▸ How to complete this task:
Reproduce the listing exactly. Omit pictures.

▸ Information provided:
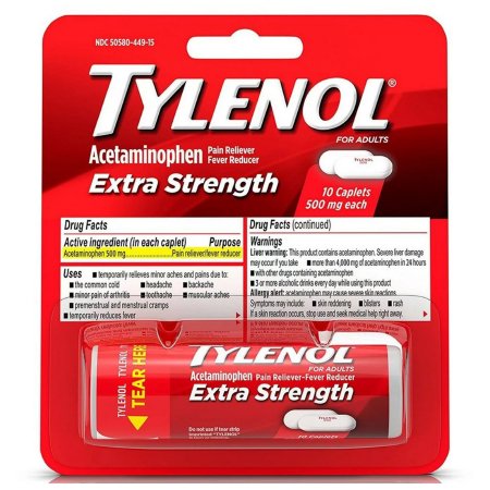 Pain Relief Tylenol® Extra Strength 500 mg Strength Acetaminophen Caplet 10 per Bottle
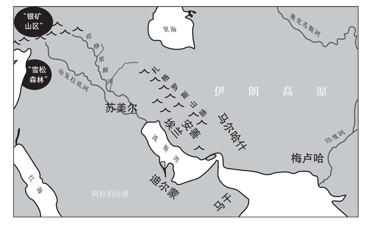从公元前三千纪晚期开始,美索不达米亚王室碑文上的文字就经常宣称征服了“从下海到上海的所有民族和山地”,“下海”“上海”分别指的是波斯湾和里海的水域(也有可能是西面的奥鲁米耶湖)。“雪松森林”和“银矿山区”则确定了宇宙的北方界限,它们是壮烈战役和超自然遭遇发生的地方,凡人无法到达。主要的海上竞技场在南方,在“下海”内外。公元前四千纪末期的楔形文字文献中已经提到过“迪尔蒙”这个名字,它在不同时期指的是巴林和塔鲁特的岛屿,以及毗邻波斯湾中部的阿拉伯沿岸地区;到公元前三千纪末期,又增加了更远的地方:马干(铜矿丰富的阿曼湾)和梅卢哈(很可能是莫克兰山脉和印度河河口之间的沿海地带,被认为是象牙、青金石、红玉髓、黄金和上等木材等外来商品的供应地)。在美索不达米亚的资料中,埃兰王国(首都位于伊朗西南部低地的苏萨)以及伊朗高地东部偏远的安善和马尔哈什领土,在政治上与苏美尔平原的一众城市旗鼓相当。
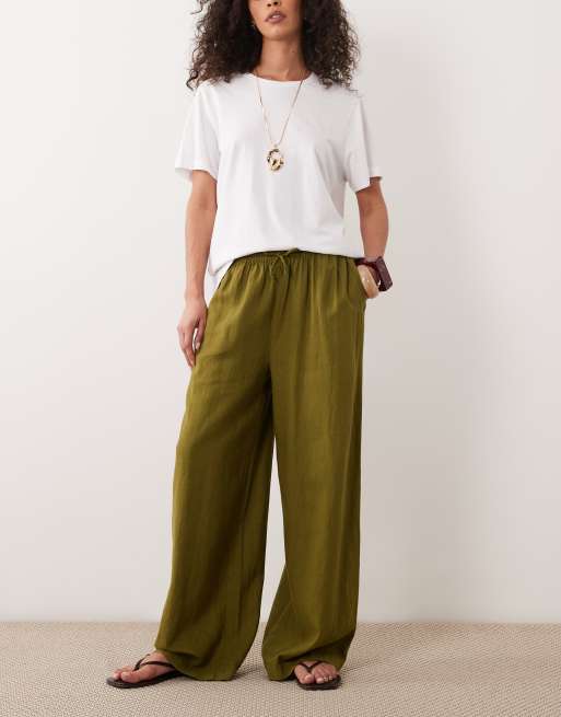 River Island linen blend wide leg pants in khaki

▸ Worked solution:
 Pain Relief Tylenol® Extra Strength 500 mg Strength Acetaminophen Caplet 10 per Bottle
从公元前三千纪晚期开始,美索不达米亚王室碑文上的文字就经常宣称征服了“从下海到上海的所有民族和山地”,“下海”“上海”分别指的是波斯湾和里海的水域(也有可能是西面的奥鲁米耶湖)。“雪松森林”和“银矿山区”则确定了宇宙的北方界限,它们是壮烈战役和超自然遭遇发生的地方,凡人无法到达。主要的海上竞技场在南方,在“下海”内外。公元前四千纪末期的楔形文字文献中已经提到过“迪尔蒙”这个名字,它在不同时期指的是巴林和塔鲁特的岛屿,以及毗邻波斯湾中部的阿拉伯沿岸地区;到公元前三千纪末期,又增加了更远的地方:马干(铜矿丰富的阿曼湾)和梅卢哈(很可能是莫克兰山脉和印度河河口之间的沿海地带,被认为是象牙、青金石、红玉髓、黄金和上等木材等外来商品的供应地)。在美索不达米亚的资料中,埃兰王国(首都位于伊朗西南部低地的苏萨)以及伊朗高地东部偏远的安善和马尔哈什领土,在政治上与苏美尔平原的一众城市旗鼓相当。
 River Island linen blend wide leg pants in khaki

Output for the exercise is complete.